Ja jestem właśnie po obejrzeniu tego filmu. I do teraz pociągam nosem, a łzy mi się zbierają w oczach. Nigdy tak się nie wzruszyłam na filmie. A w rzeczywistości raczej rzadko wyrażam uczucia, a co dopiero płacz...

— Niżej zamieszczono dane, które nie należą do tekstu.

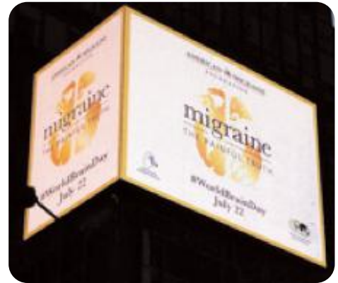
New York Times Square billboard

We invite all IHS member societies, neurologists, neuroscientists, trainees, technologists, advocacy organisations and patient advocates to be part of World Brain Day's 'Migraine: The Painful Truth' campaign. You can participate by posting our banner advert on your webpage, and by sharing our posts, messages and videos with your friends and colleagues. You can also partner with local neurology, headache and advocacy organisations to participate in and promote these activities. Promotional material and a press toolkit to help with press contacts and mailing are available on the World Brain Day website .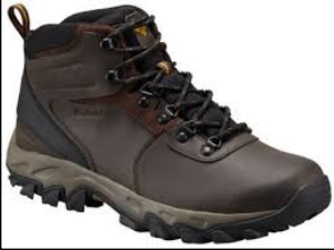
COLUMBIA # 1594732231 BROWN/BLACK

NEWTON RIDGE PLUS: Leather, suede & mesh upper. Waterproof seam-sealed. Lightweight midsole for comfort, superior cushioning, & high energy return. Non-marking rubber outsole. Sizes: Men's: 7-12,13,14,15 $69.99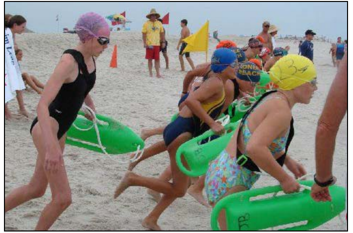
The JBLC Juniors dominating all other teams

Please note that RM 4 is closed to the public (no guests please - sorry) on these dates which means that you must show up on time (8:00 - 9:00 AM) in order to get in. If anyone is interested in showing up early to help set up it would be much appreciated. If you have any questions you can contact me at scottdavern@yahoo.com (how original, huh?). See you there!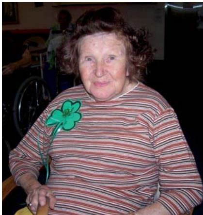
St Patrick's Day

In the past two months some of the special events we have celebrated were St Patrick's Day, Bluey Day and Easter.

Jeszcze raz cudowny!Najpiękniejszy film jaki widziałam. Nie chodzi tu o zdjęcia, montaż, czy aktorów. Tu najważniejsze jest przesłanie - pokazanie zwykłego człowieka, który został kimś wielkim.
NAPRAWDĘ WIELKIM!
Oczywiście,że 10:))
Dziś byłam na filmie. Cudowny, wzruszający(a jakże łzy mi ciekły co chwila:)) Nie umiem wskazać sceny która mnie poruszyła najbardziej, każda miała w sobie coś chwytającego za serce. Dla nas Polaków film obowiązkowy i co ważne jest swietny, mimo że nie nakręcił go Polak!!
Polecam, polecam, polecam. Cudze chwalice swego nie znacie, jestem dumna ze pochodze z tego kraju z którego wyszedł tak Wielki Człowiek i mam nadzieje że nigdy o tym nie zapomnimy!!